START Records for the task
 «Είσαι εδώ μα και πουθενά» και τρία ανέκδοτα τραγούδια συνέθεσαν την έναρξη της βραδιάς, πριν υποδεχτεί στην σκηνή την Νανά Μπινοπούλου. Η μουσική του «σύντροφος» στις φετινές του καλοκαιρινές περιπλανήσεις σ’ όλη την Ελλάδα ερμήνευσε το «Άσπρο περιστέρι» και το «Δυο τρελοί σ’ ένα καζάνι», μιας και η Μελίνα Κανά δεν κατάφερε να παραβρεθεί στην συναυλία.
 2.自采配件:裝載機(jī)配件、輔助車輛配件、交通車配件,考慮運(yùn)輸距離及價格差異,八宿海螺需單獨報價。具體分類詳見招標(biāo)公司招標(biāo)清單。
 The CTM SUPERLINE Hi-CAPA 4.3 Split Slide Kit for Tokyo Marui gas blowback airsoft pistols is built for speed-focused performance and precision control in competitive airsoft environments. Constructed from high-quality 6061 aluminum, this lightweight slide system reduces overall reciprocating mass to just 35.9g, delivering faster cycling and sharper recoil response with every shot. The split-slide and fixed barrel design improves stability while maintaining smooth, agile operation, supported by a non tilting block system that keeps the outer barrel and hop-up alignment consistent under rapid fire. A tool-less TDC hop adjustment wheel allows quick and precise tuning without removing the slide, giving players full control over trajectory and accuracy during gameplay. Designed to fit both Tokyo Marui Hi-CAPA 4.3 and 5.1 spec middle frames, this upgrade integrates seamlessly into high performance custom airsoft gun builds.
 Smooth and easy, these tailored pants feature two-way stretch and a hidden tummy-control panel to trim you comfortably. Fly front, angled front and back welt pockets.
END Records for the task
START Records for the task
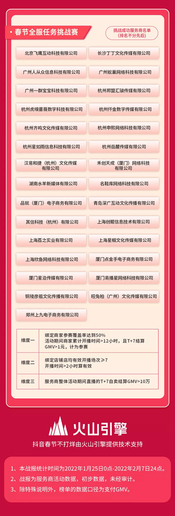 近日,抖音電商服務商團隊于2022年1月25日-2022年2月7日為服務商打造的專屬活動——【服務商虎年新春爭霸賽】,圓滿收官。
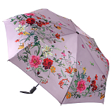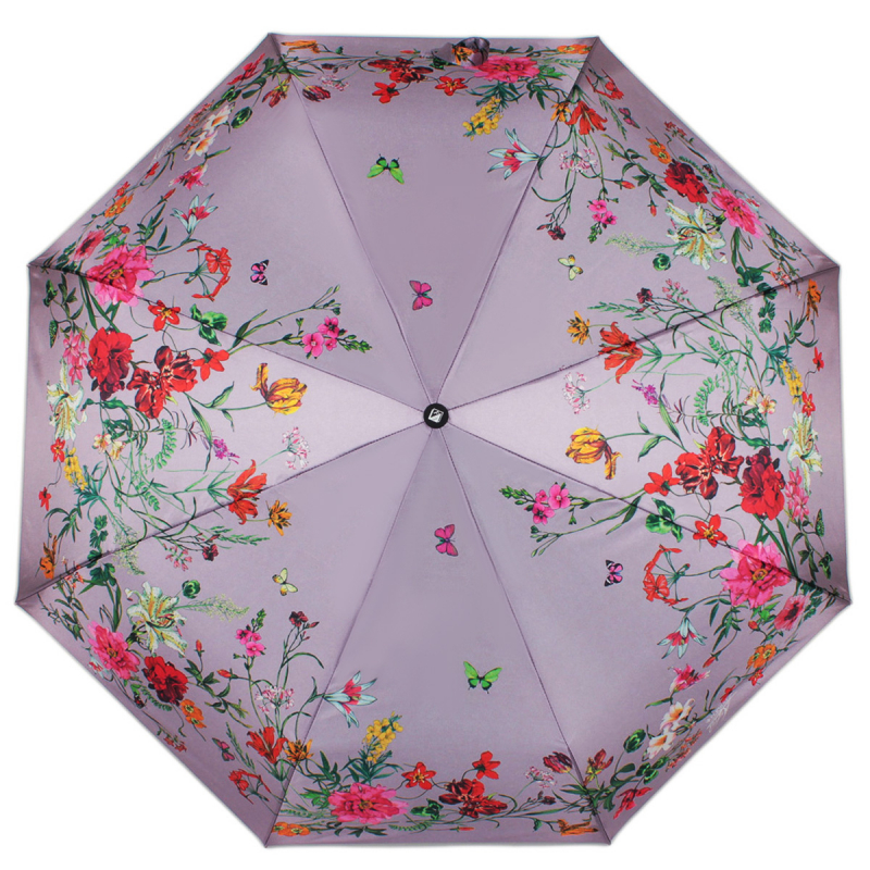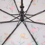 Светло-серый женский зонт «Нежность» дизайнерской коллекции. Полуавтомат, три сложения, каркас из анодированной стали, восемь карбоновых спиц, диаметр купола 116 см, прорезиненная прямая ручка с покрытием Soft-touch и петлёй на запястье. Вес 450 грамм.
END Records for the task
*Your task:*
Would you please write out, exactly and with no other lines, the stretch of the listing above from the line containing "παραβρεθεί στην συναυλία." through the line containing "The CTM SUPERLINE"?

*Exercise result:*
 «Είσαι εδώ μα και πουθενά» και τρία ανέκδοτα τραγούδια συνέθεσαν την έναρξη της βραδιάς, πριν υποδεχτεί στην σκηνή την Νανά Μπινοπούλου. Η μουσική του «σύντροφος» στις φετινές του καλοκαιρινές περιπλανήσεις σ’ όλη την Ελλάδα ερμήνευσε το «Άσπρο περιστέρι» και το «Δυο τρελοί σ’ ένα καζάνι», μιας και η Μελίνα Κανά δεν κατάφερε να παραβρεθεί στην συναυλία.
 2.自采配件:裝載機(jī)配件、輔助車輛配件、交通車配件,考慮運(yùn)輸距離及價格差異,八宿海螺需單獨報價。具體分類詳見招標(biāo)公司招標(biāo)清單。
 The CTM SUPERLINE Hi-CAPA 4.3 Split Slide Kit for Tokyo Marui gas blowback airsoft pistols is built for speed-focused performance and precision control in competitive airsoft environments. Constructed from high-quality 6061 aluminum, this lightweight slide system reduces overall reciprocating mass to just 35.9g, delivering faster cycling and sharper recoil response with every shot. The split-slide and fixed barrel design improves stability while maintaining smooth, agile operation, supported by a non tilting block system that keeps the outer barrel and hop-up alignment consistent under rapid fire. A tool-less TDC hop adjustment wheel allows quick and precise tuning without removing the slide, giving players full control over trajectory and accuracy during gameplay. Designed to fit both Tokyo Marui Hi-CAPA 4.3 and 5.1 spec middle frames, this upgrade integrates seamlessly into high performance custom airsoft gun builds.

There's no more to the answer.